_Activity:_
Each entry that follows is to be retyped exactly. Pictures do not belong in the copy.

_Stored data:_
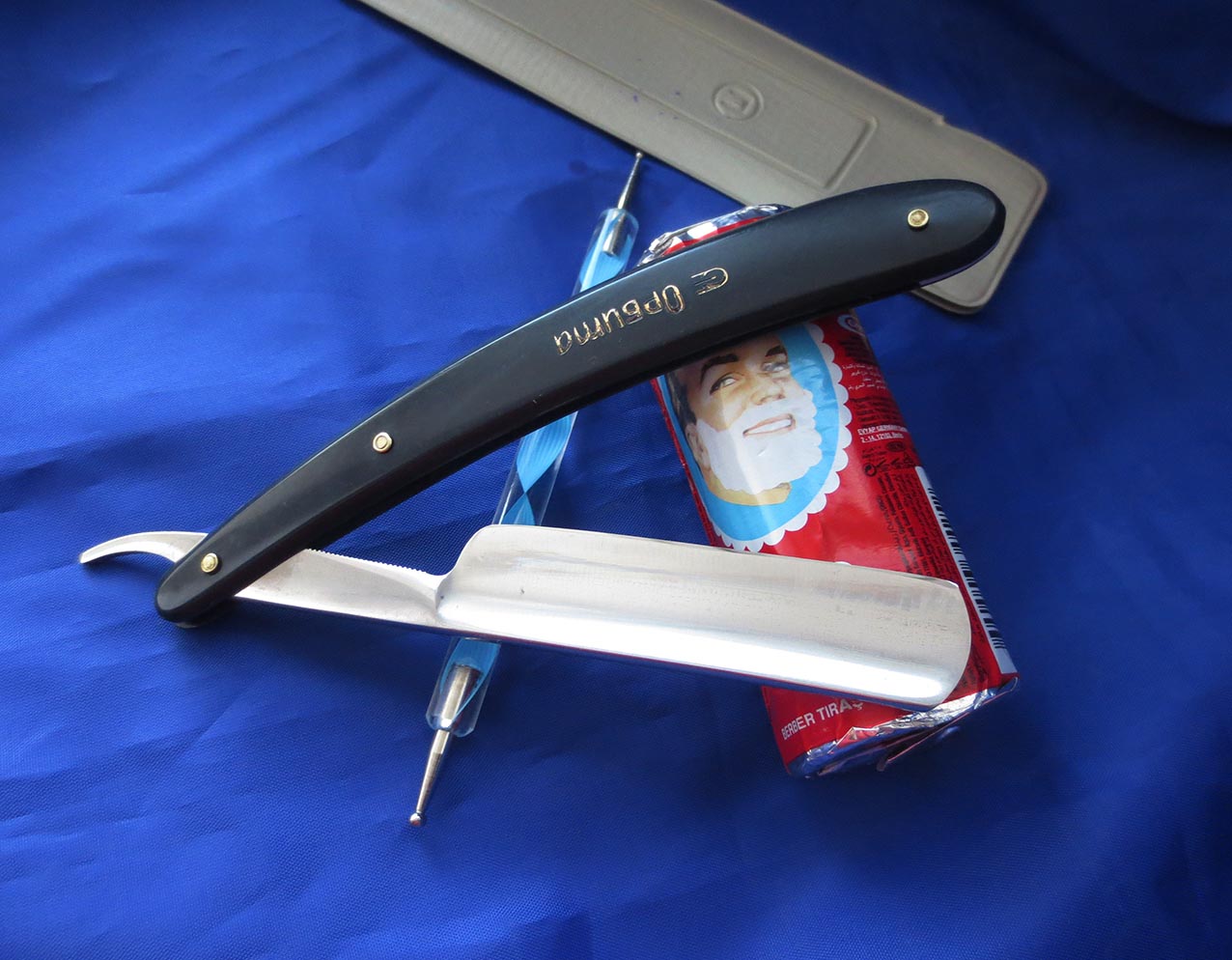 Советская опасная бритва "Ока" 56 года завода "Труд" п. Вача. Качественный металл тех лет, ширина полотна - 15 мм, заводская оправа - полированный пластик, заклёпка - латунь. Заточена на японских водных камнях и готова к работе сразу после покупки. Бреет чётко, заценил самолично. По большому счёту, для опасного бритья другого и не надо, тем более для новичка. Мягкое и чистое бритьё без всякой агрессии, чего ещё желать бритвоману, ну разве купить ещё одну для коллекции..) После тестирования инструмент продезинфицирован хлоргексидином, направлен, смазан и выставлен на продажу. Довольно бюджетный вариант для человека желающего освоить опасное бритьё без значимых затрат. Цена - 3250 руб. При покупке ремня и бритвы - почта по РФ за мой счёт.
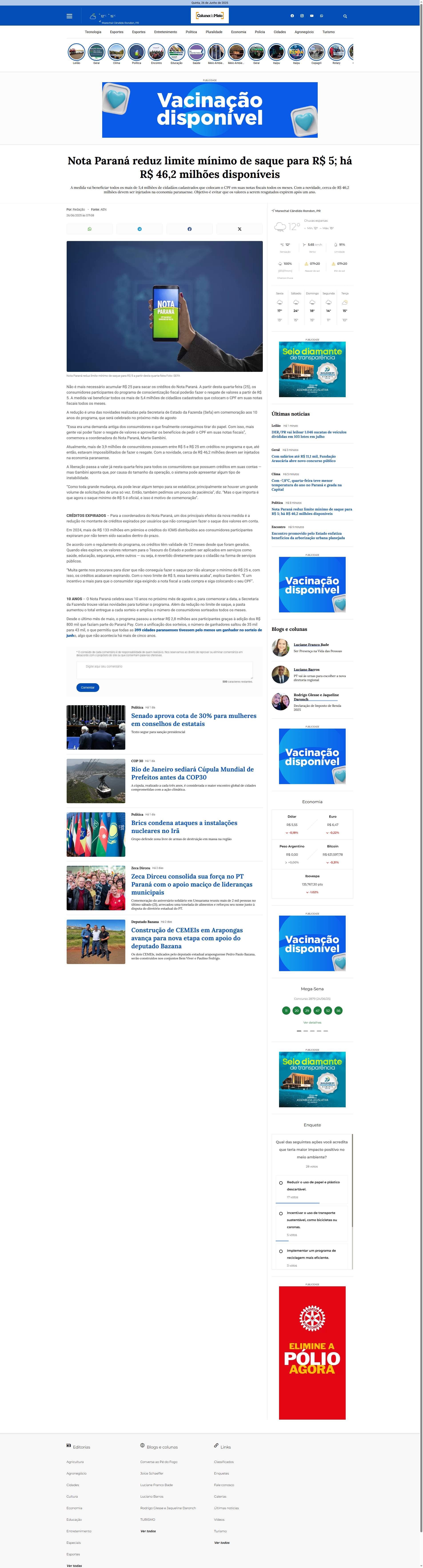 Nota Paraná. A partir desta quarta-feira (25), os consumidores participantes do programa de conscientização fiscal poderão fazer o resgate de valores a partir de R$ 5. A medida vai beneficiar todos os mais de 5,4 milhões de cidadãos cadastrados que colocam o CPF em suas notas fiscais todos os meses.
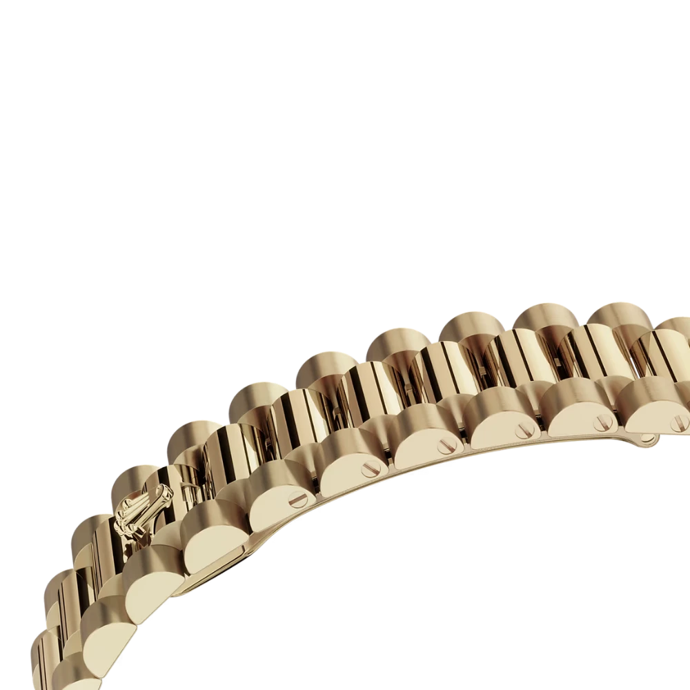 Type: President bracelet, exclusive to the Day-Date line (three-piece semi-circular links)
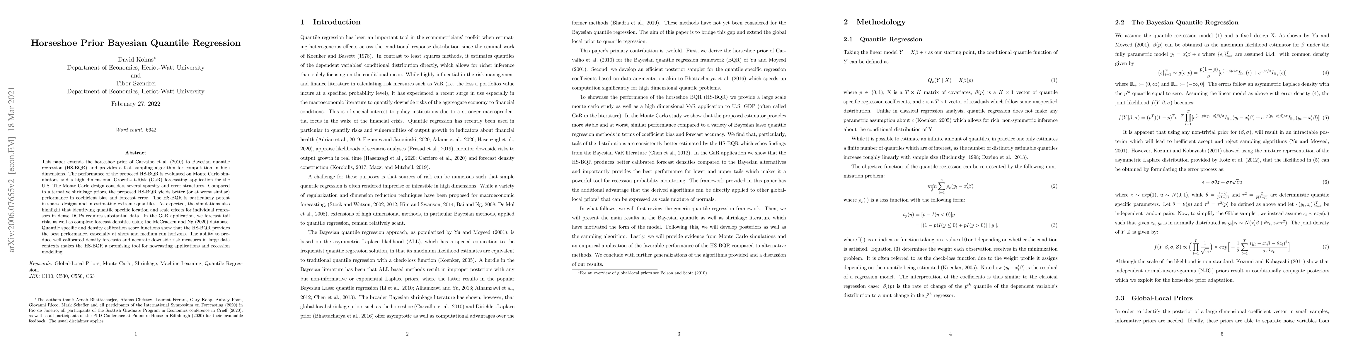 This paper introduces a horseshoe prior Bayesian quantile regression (HS-BQR) method, demonstrating superior performance in coefficient bias and forecast error compared to alternative shrinkage priors, especially in sparse designs and extreme quantiles. The HS-BQR effectively forecasts tail risks and complete density forecasts, showing best performance in calibration and downside risk measures, making it valuable for nowcasting and recession modeling.
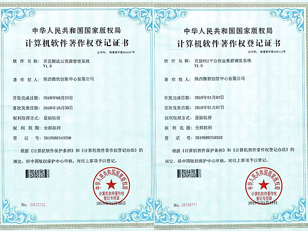 近日,由陜西微軟創(chuàng)新中心主導(dǎo)設(shè)計(jì)開(kāi)發(fā)的開(kāi)發(fā)測(cè)試云資源管理系統(tǒng)、開(kāi)放PAI平臺(tái)作業(yè)集群調(diào)度系統(tǒng)順利通過(guò)國(guó)家版權(quán)局審查,喜獲國(guó)家計(jì)算機(jī)軟件著作權(quán)證書。
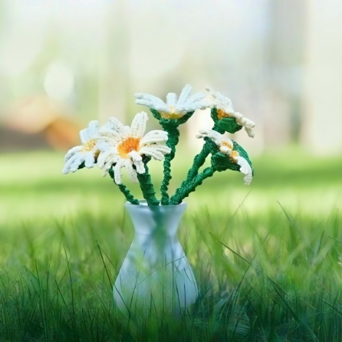 Want to bring the beauty of daisies indoors but don’t want to spend time on their maintenance? Check out this bunch of knotted daisies by Macrame School. You can keep them on shelves, desks, or side tables.
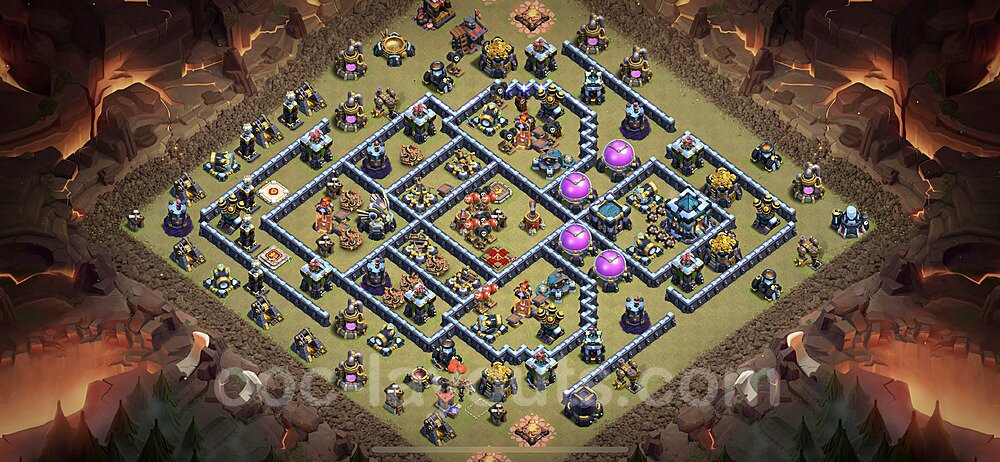 This Town Hall 13 war base is specifically designed to defend against 2-star and 3-star attacks in Clan Wars and Clan War Leagues. The strategic placement of defenses creates multiple compartments that force attackers to use more troops and spells than anticipated. Key defensive structures like Eagle Artillery, Inferno Towers, and X-Bows are positioned to cover crucial sections of the base, making it extremely difficult for opponents to secure a perfect attack. The core of this war base features a centralized Town Hall and Clan Castle, protected by multiple layers of walls and high-damage defenses. This layout forces attackers to commit significant resources just to reach the center, often leaving them without enough firepower to secure the Town Hall destruction. The anti-2-star design ensures that even if attackers breach the outer defenses, they'll struggle to achieve a 50% destruction rating. Air defenses are strategically spread to counter popular air attack strategies like LaLoon (Lava Hound + Balloons) and Electrone (Electro Dragons + Stone Slammer). The symmetrical trap placement and strategic Hidden Tesla positions create deadly surprise elements that can completely derail an attacker's plan. This base has been tested against various meta attack strategies and has consistently proven effective in preventing 3-star attacks.
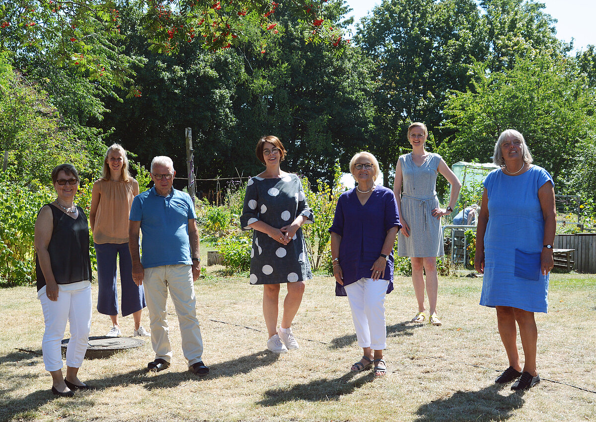 Foto (Jörg Eilts):Die Mitwirkenden des Kreativmeetings: (v.l.) Pfarrerin Ilona Klaus, Julia Borries (Erwachsenenbildung Ev. Kirchenkreis), Gerrit Heetdekrs, Maike Siebold, Hannelore Klippel (Kreissynodalvorstand), Britta Scheckenreuter, Dr. Ulrike Preuß (Kreissynodalvorstand).-
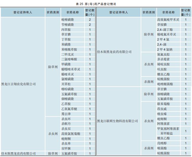 据统计,黑龙江省登记的784个农药产品中,共有83个原药(含5个母药)登记证件,701个制剂产品登记。登记的68种83个原(母)药产品中,除草剂登记48个,杀虫剂24个,杀菌剂9个,植物生长调节剂1个,卫生杀虫剂1个;98%含量16个,97%含量8个,96%含量12个,95%含量27个,94%含量3个,93%含量1个,92%含量4个,91%含量1个,90%含量2个,88%含量1个,80%含量1个,79.1%含量2个,40%含量2个,100亿孢子/克、1万亿芽孢/克和50000IU/毫克各1个;低毒61个,中等毒12个,微毒8个,高毒2个;除登记的制剂产品有效成分外,原药产品有效成分5种,分别是禾草灵、噁唑酰草胺、2,4-滴、啶酰菌胺、螺虫乙酯;原药生产企业15家,其中境外企业2家。15家原药生产企业集中在7个地(市)内,依次为哈尔滨市4家,佳木斯市3家,绥化市、鹤岗市各2家,牡丹江市、大庆市、黑河市、七台河市各1家。原(母)药产品登记情况见表25。6.原(母)药登记
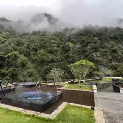 I really like the swimming pool on the rooftop surrounded by mountains and mist.
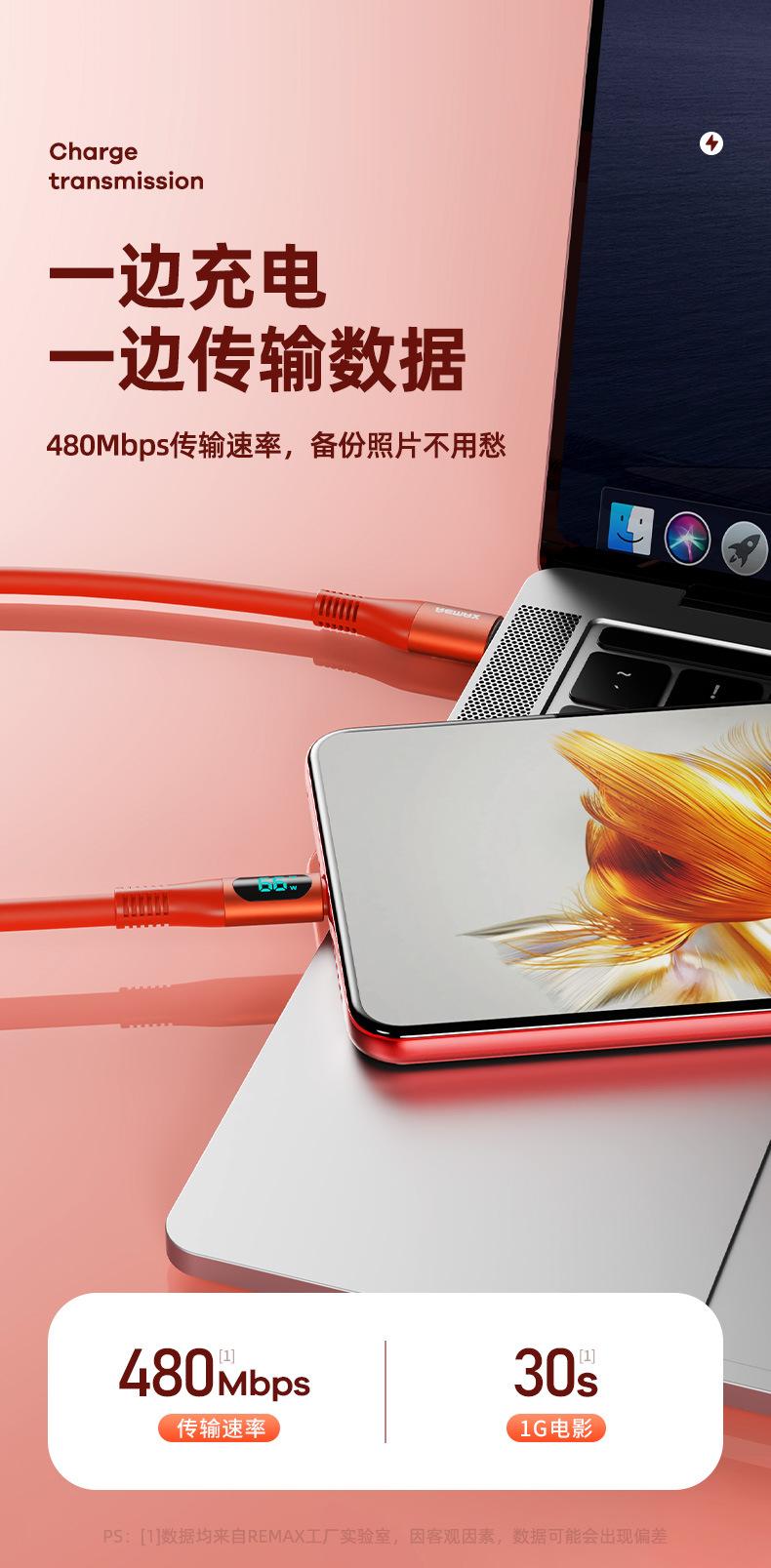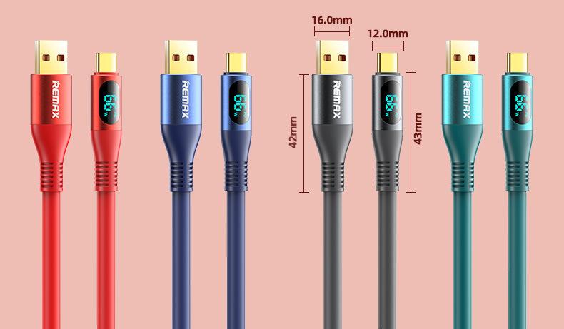 El cable de datos con pantalla digital inteligente remax con alta elasticidad y goma suave es adecuado para cable de carga para teléfono móvil de carga rápida de 66 W para Huawei Android
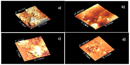 Topographic 3-D images of CP20 unoriented (a) and oriented (b), of CP40 unoriented (c) and oriented (d). Scanned area: 5 µm × 5 µm.
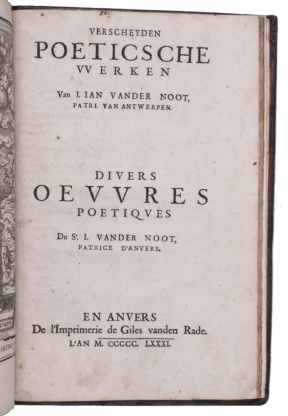 (3) NOOT, Jan van der. Verscheyden poeticsche werken. ... Divers oeuvres poetiques.
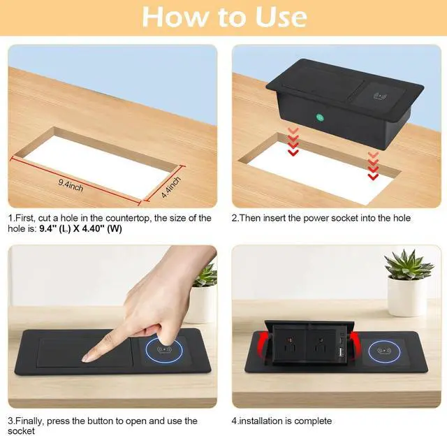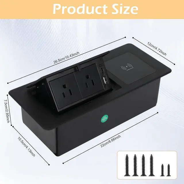Sturdy & SafeOur pop-up desktop sockets have leakage protection and waterproof function, so don't worry if your children spill water accidentally, just wipe the water off the surface, all power modules are UL listed, it allows you to install sockets anywhere.
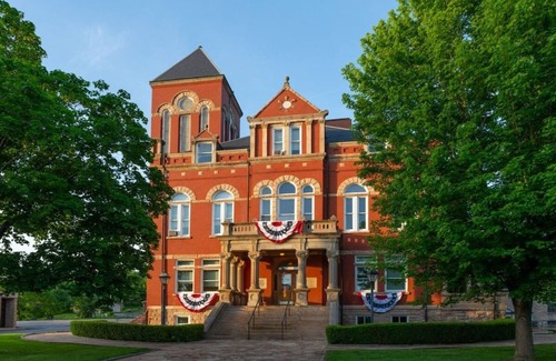 LIVING SPACE – Enjoy the abundant natural light streaming through the large windows that frame a stunning view of the picturesque Fayette County Courthouse. The comfortable living area has a sofa, lounge chair, table, lamps and smart TV. Dine at the kitchen bar or cozy low top table.
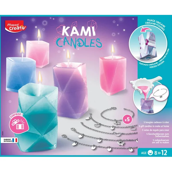 Coffret fabrication de 5 bougies pliage origami.

_Answer to this problem:_
 Советская опасная бритва "Ока" 56 года завода "Труд" п. Вача. Качественный металл тех лет, ширина полотна - 15 мм, заводская оправа - полированный пластик, заклёпка - латунь. Заточена на японских водных камнях и готова к работе сразу после покупки. Бреет чётко, заценил самолично. По большому счёту, для опасного бритья другого и не надо, тем более для новичка. Мягкое и чистое бритьё без всякой агрессии, чего ещё желать бритвоману, ну разве купить ещё одну для коллекции..) После тестирования инструмент продезинфицирован хлоргексидином, направлен, смазан и выставлен на продажу. Довольно бюджетный вариант для человека желающего освоить опасное бритьё без значимых затрат. Цена - 3250 руб. При покупке ремня и бритвы - почта по РФ за мой счёт.
 Nota Paraná. A partir desta quarta-feira (25), os consumidores participantes do programa de conscientização fiscal poderão fazer o resgate de valores a partir de R$ 5. A medida vai beneficiar todos os mais de 5,4 milhões de cidadãos cadastrados que colocam o CPF em suas notas fiscais todos os meses.
 Type: President bracelet, exclusive to the Day-Date line (three-piece semi-circular links)
 This paper introduces a horseshoe prior Bayesian quantile regression (HS-BQR) method, demonstrating superior performance in coefficient bias and forecast error compared to alternative shrinkage priors, especially in sparse designs and extreme quantiles. The HS-BQR effectively forecasts tail risks and complete density forecasts, showing best performance in calibration and downside risk measures, making it valuable for nowcasting and recession modeling.
 近日,由陜西微軟創(chuàng)新中心主導(dǎo)設(shè)計(jì)開(kāi)發(fā)的開(kāi)發(fā)測(cè)試云資源管理系統(tǒng)、開(kāi)放PAI平臺(tái)作業(yè)集群調(diào)度系統(tǒng)順利通過(guò)國(guó)家版權(quán)局審查,喜獲國(guó)家計(jì)算機(jī)軟件著作權(quán)證書。
 Want to bring the beauty of daisies indoors but don’t want to spend time on their maintenance? Check out this bunch of knotted daisies by Macrame School. You can keep them on shelves, desks, or side tables.
 This Town Hall 13 war base is specifically designed to defend against 2-star and 3-star attacks in Clan Wars and Clan War Leagues. The strategic placement of defenses creates multiple compartments that force attackers to use more troops and spells than anticipated. Key defensive structures like Eagle Artillery, Inferno Towers, and X-Bows are positioned to cover crucial sections of the base, making it extremely difficult for opponents to secure a perfect attack. The core of this war base features a centralized Town Hall and Clan Castle, protected by multiple layers of walls and high-damage defenses. This layout forces attackers to commit significant resources just to reach the center, often leaving them without enough firepower to secure the Town Hall destruction. The anti-2-star design ensures that even if attackers breach the outer defenses, they'll struggle to achieve a 50% destruction rating. Air defenses are strategically spread to counter popular air attack strategies like LaLoon (Lava Hound + Balloons) and Electrone (Electro Dragons + Stone Slammer). The symmetrical trap placement and strategic Hidden Tesla positions create deadly surprise elements that can completely derail an attacker's plan. This base has been tested against various meta attack strategies and has consistently proven effective in preventing 3-star attacks.
 Foto (Jörg Eilts):Die Mitwirkenden des Kreativmeetings: (v.l.) Pfarrerin Ilona Klaus, Julia Borries (Erwachsenenbildung Ev. Kirchenkreis), Gerrit Heetdekrs, Maike Siebold, Hannelore Klippel (Kreissynodalvorstand), Britta Scheckenreuter, Dr. Ulrike Preuß (Kreissynodalvorstand).-
 据统计,黑龙江省登记的784个农药产品中,共有83个原药(含5个母药)登记证件,701个制剂产品登记。登记的68种83个原(母)药产品中,除草剂登记48个,杀虫剂24个,杀菌剂9个,植物生长调节剂1个,卫生杀虫剂1个;98%含量16个,97%含量8个,96%含量12个,95%含量27个,94%含量3个,93%含量1个,92%含量4个,91%含量1个,90%含量2个,88%含量1个,80%含量1个,79.1%含量2个,40%含量2个,100亿孢子/克、1万亿芽孢/克和50000IU/毫克各1个;低毒61个,中等毒12个,微毒8个,高毒2个;除登记的制剂产品有效成分外,原药产品有效成分5种,分别是禾草灵、噁唑酰草胺、2,4-滴、啶酰菌胺、螺虫乙酯;原药生产企业15家,其中境外企业2家。15家原药生产企业集中在7个地(市)内,依次为哈尔滨市4家,佳木斯市3家,绥化市、鹤岗市各2家,牡丹江市、大庆市、黑河市、七台河市各1家。原(母)药产品登记情况见表25。6.原(母)药登记
 I really like the swimming pool on the rooftop surrounded by mountains and mist.
 El cable de datos con pantalla digital inteligente remax con alta elasticidad y goma suave es adecuado para cable de carga para teléfono móvil de carga rápida de 66 W para Huawei Android
 Topographic 3-D images of CP20 unoriented (a) and oriented (b), of CP40 unoriented (c) and oriented (d). Scanned area: 5 µm × 5 µm.
 (3) NOOT, Jan van der. Verscheyden poeticsche werken. ... Divers oeuvres poetiques.
Sturdy & SafeOur pop-up desktop sockets have leakage protection and waterproof function, so don't worry if your children spill water accidentally, just wipe the water off the surface, all power modules are UL listed, it allows you to install sockets anywhere.
 LIVING SPACE – Enjoy the abundant natural light streaming through the large windows that frame a stunning view of the picturesque Fayette County Courthouse. The comfortable living area has a sofa, lounge chair, table, lamps and smart TV. Dine at the kitchen bar or cozy low top table.
 Coffret fabrication de 5 bougies pliage origami.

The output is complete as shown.